Engineering Team, which is subscribed to neutron.
https://bugs.launchpad.net/bugs/1202722

Title:
   Caught Exception in dhcp agent sync_state may block or delay
  configuration of new networks

Status in OpenStack Neutron (virtual network service):
  Fix Released

Bug description:
  
  In the dhcp-agent.log, sometimes this error is seen.
  Dhcp_agent.ini is configured with no router_id defined. There is one dhcp agent managing all dhcp servers in one node.

  This is the Traceback:
  2013-07-10 16:16:15 ERROR [quantum.agent.dhcp_agent] Unable to sync network state.
  Traceback (most recent call last):
  File "/usr/lib/python2.7/dist-packages/quantum/agent/dhcp_agent.py", line 152, in sync_state
  self.disable_dhcp_helper(deleted_id)
  File "/usr/lib/python2.7/dist-packages/quantum/agent/dhcp_agent.py", line 197, in disable_dhcp_helper
  self.disable_isolated_metadata_proxy(network)
  File "/usr/lib/python2.7/dist-packages/quantum/agent/dhcp_agent.py", line 340, in disable_isolated_metadata_proxy
  pm.disable()
  File "/usr/lib/python2.7/dist-packages/quantum/agent/linux/external_process.py", line 67, in disable
  ip_wrapper.netns.execute(cmd)
  File "/usr/lib/python2.7/dist-packages/quantum/agent/linux/ip_lib.py", line 407, in execute
  check_exit_code=check_exit_code)
  File "/usr/lib/python2.7/dist-packages/quantum/agent/linux/utils.py", line 61, in execute
  raise RuntimeError(m)
  RuntimeError:...

  
  The dhcp_agent.py in commit 1bd456371f9909d5cb33536e84a3fdd7aac40f8c shows:

      def sync_state(self):
          """Sync the local DHCP state with Neutron."""
          LOG.info(_('Synchronizing state'))
          pool = eventlet.GreenPool(cfg.CONF.num_sync_threads)
          known_network_ids = set(self.cache.get_network_ids())

          try:
              active_networks = self.plugin_rpc.get_active_networks_info()
              active_network_ids = set(network.id for network in active_networks)
              for deleted_id in known_network_ids - active_network_ids:
                  self.disable_dhcp_helper(deleted_id)
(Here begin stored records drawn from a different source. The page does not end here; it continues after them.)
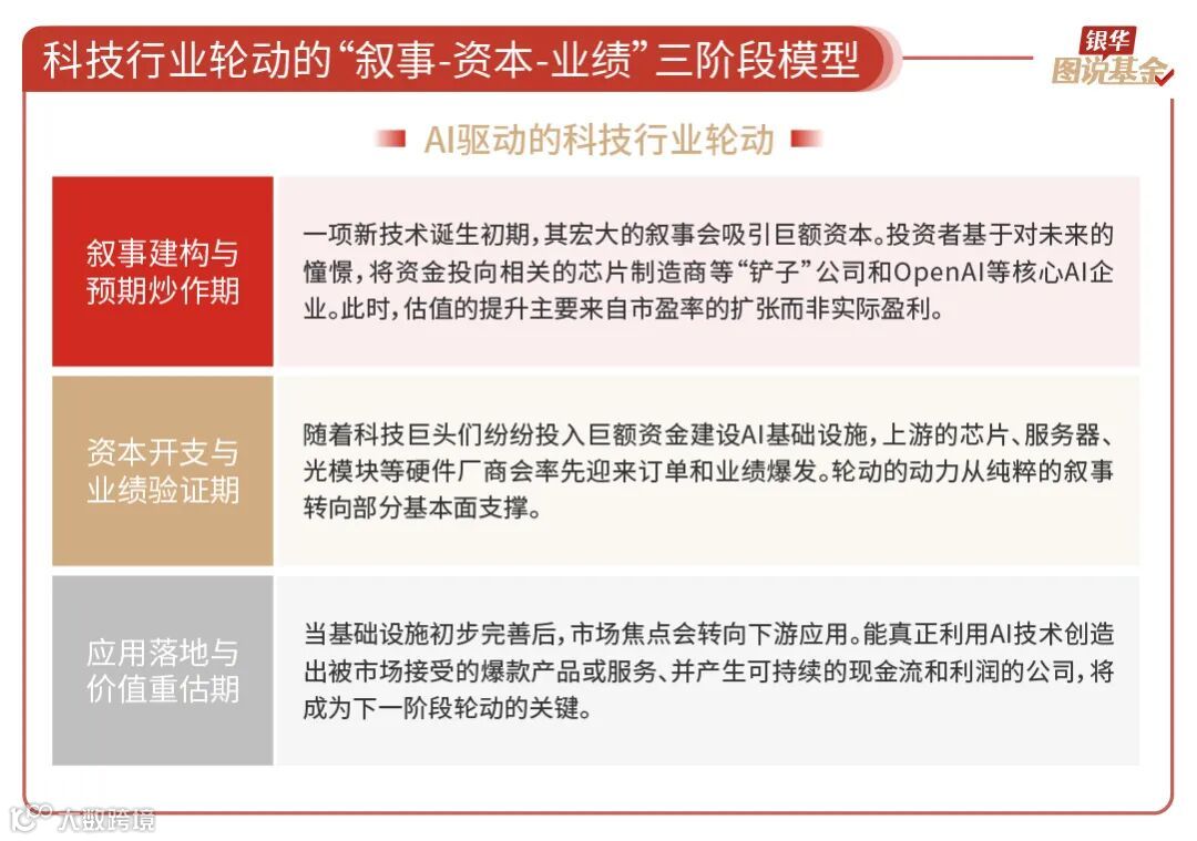 6、科技行业的轮动,本质上是由颠覆性技术的出现和其商业化进程驱动的。当一项新技术展现出变革潜力时,资本市场会经历一个典型的“叙事-资本-业绩”的传导周期。
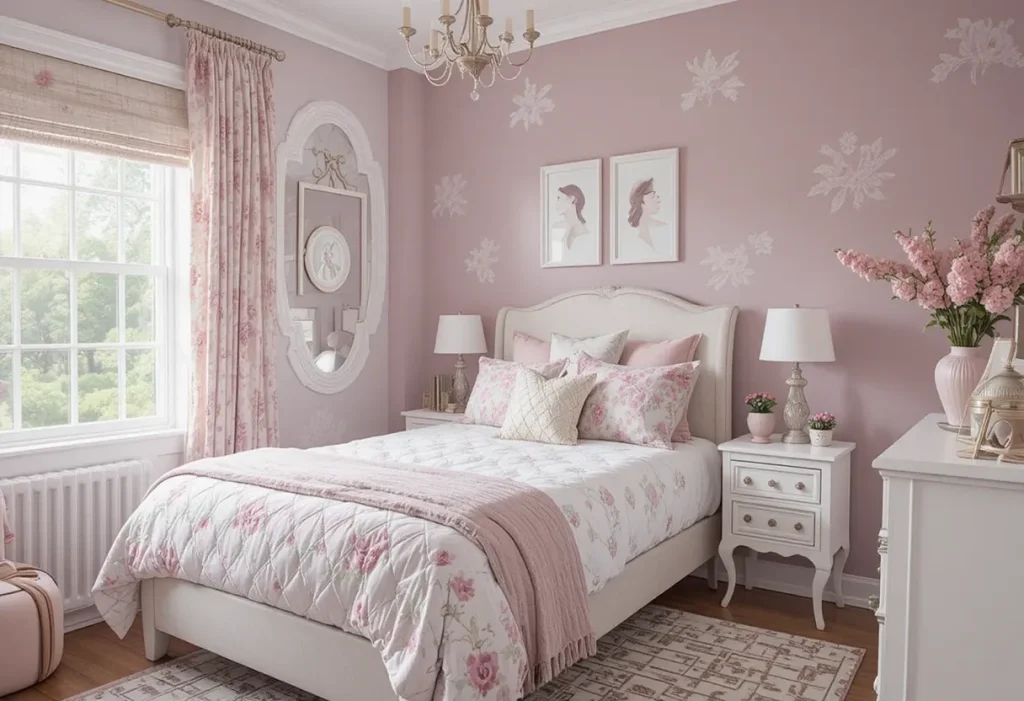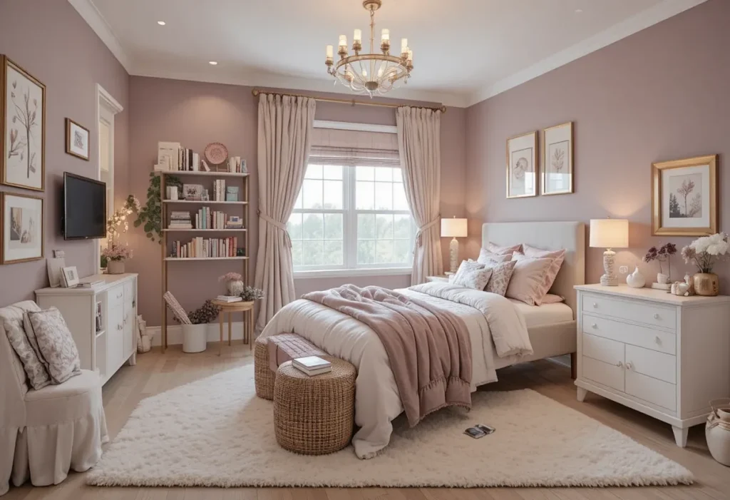 Soft, warm lighting enhances the feminine charm of this palette. Think string lights draped above the bed, rose-gold table lamps, or even a mauve-tinted lampshade. Lighting creates mood, making the room a personal retreat for reading, studying, or simply relaxing.
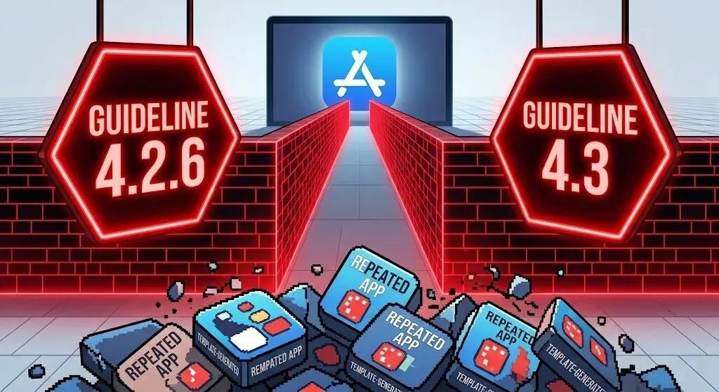 苹果祭出了杀伤力极大的 Guideline 4.2.6(App 模板与生成服务) 以及连带的 4.3(重复应用) 红线:严禁通过商业化模板或 App 生成服务创建的应用上架;如果开发者试图通过细微修改提交大量相似应用,将面临直接拒审及开发者账号的全面封禁。
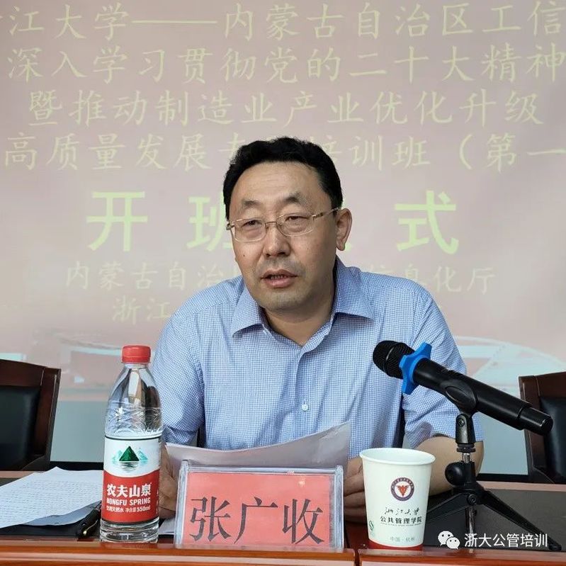 内蒙古自治区工业和信息化厅副厅长张广收,浙江大学公共管理学院党委书记、副院长杨国富出席开班仪式,仪式由浙江大学公共管理学院继续教育培训事业部部长徐荷双主持。内蒙古自治区工信厅主要负责人、各盟市政府、工信局主要领导共67人参加本次培训。
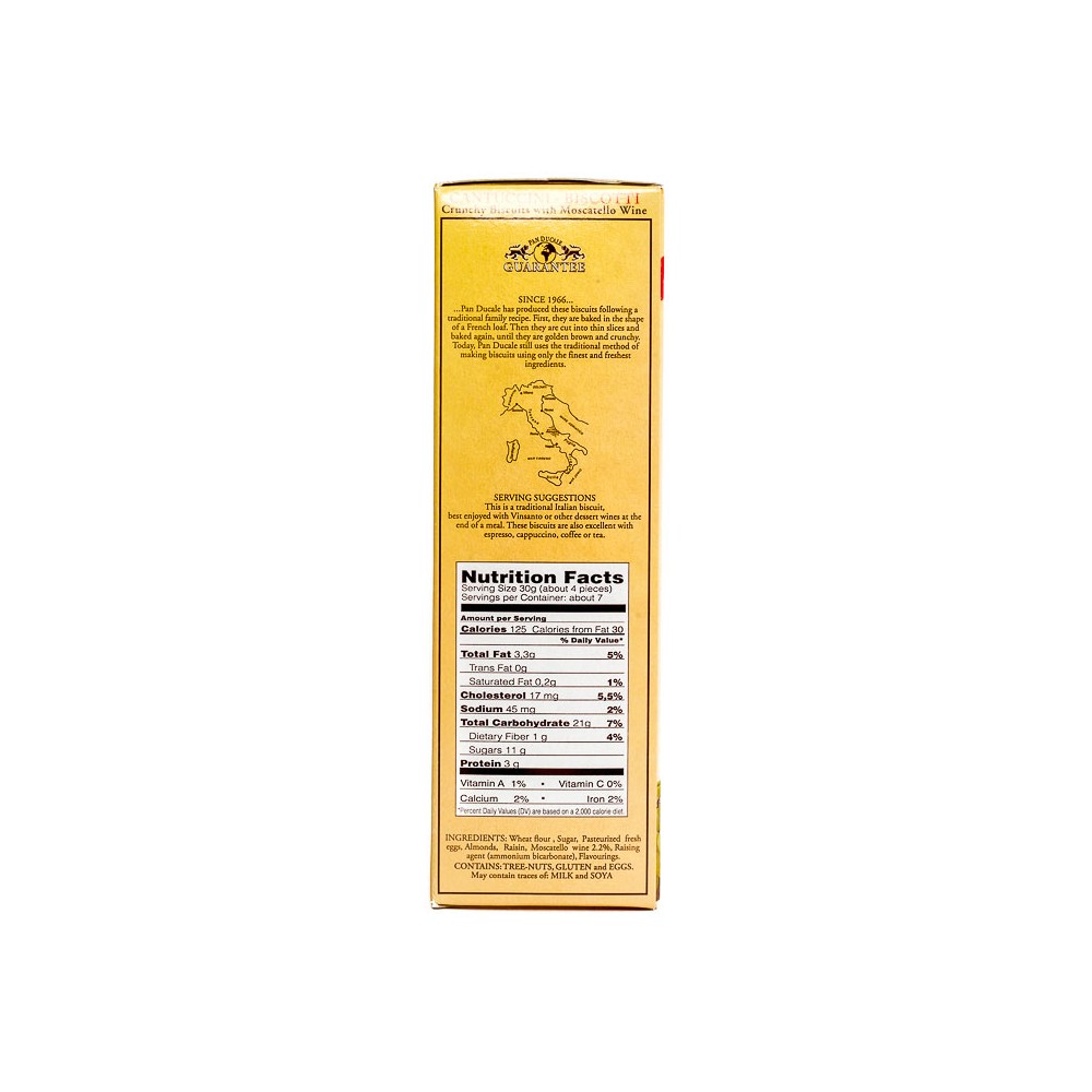 Composition | Farine de blé entier, sucre brut de canne, œufs frais pasteurisés, amandes, raisin sec, vin Moscatello (2,2%), agent de levage, arômes. |
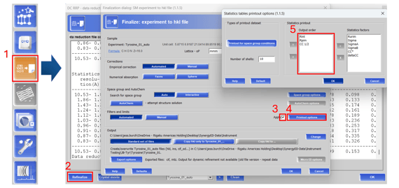 By default, CrysAlisPro does not output CC1/2 to the final statistics vs. resolution tables. To add it to all future datasets collected on your system, follow the procedure outlined in Figure 1 using the online version of CrysAlisPro on the data collection computer. Open the program options by clicking on program name (1.1), edit options (1.2), and select the check box (1.3) to globally update the printout options (1.4) to include statistics outside the default settings. The statistics placed in the output order box (1.5) will be printed in their respective order after data reduction.
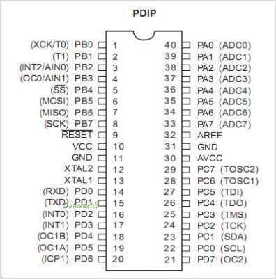 teraz Atmegowa "zerówka" dla tych , których przeraża obudowa Atmegi32 z 40-toma wyprowadzeniami i którzy nie są w stanie ogarnąć swoim umysłem o co chodzi w moich dotychczasowych lekcjach. Powinienem to wcześniej napisać, ale powiem wam jedno: NIE PODDAWAJCIE SIĘ. Atmega16/32/64 to bardzo przyjazny pająk.
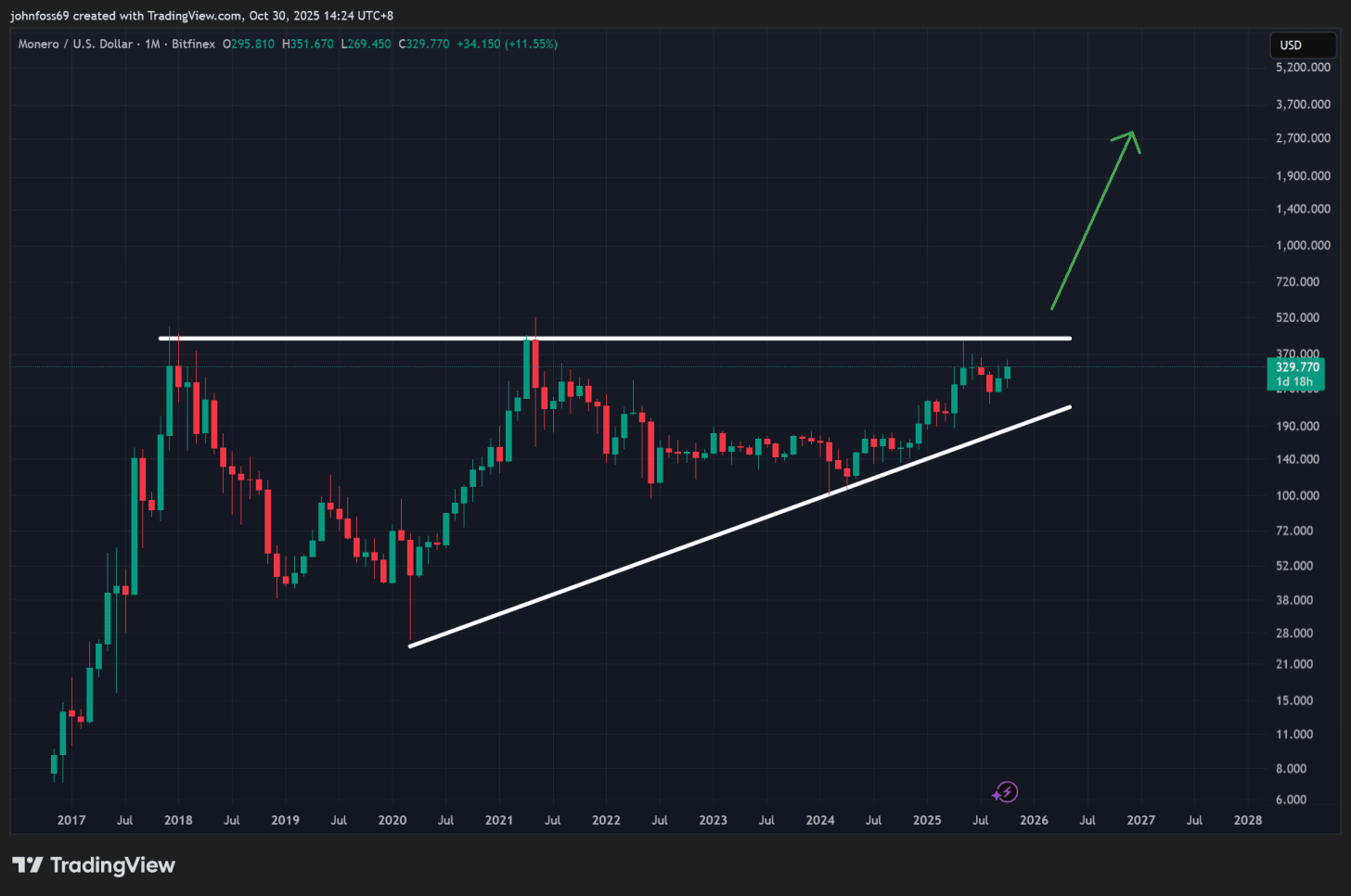 XMR/USDT has an 8 year ascending triangle, one of the longest consolidations in crypto. A breakout could trigger a move into the four figure range. The quiet accumulation phase is ending for XMR.

              for network in active_networks:
                  pool.spawn_n(self.configure_dhcp_for_network, network)

          except Exception:
              self.needs_resync = True
              LOG.exception(_('Unable to sync network state.'))

  
  When an error happens in the loop of the self.disable_dhcp_helper routine, all networks in the "for network in active_networks" loop will be skipped.  So either the configuration of dhcp of network will either be delayed or will never happen.  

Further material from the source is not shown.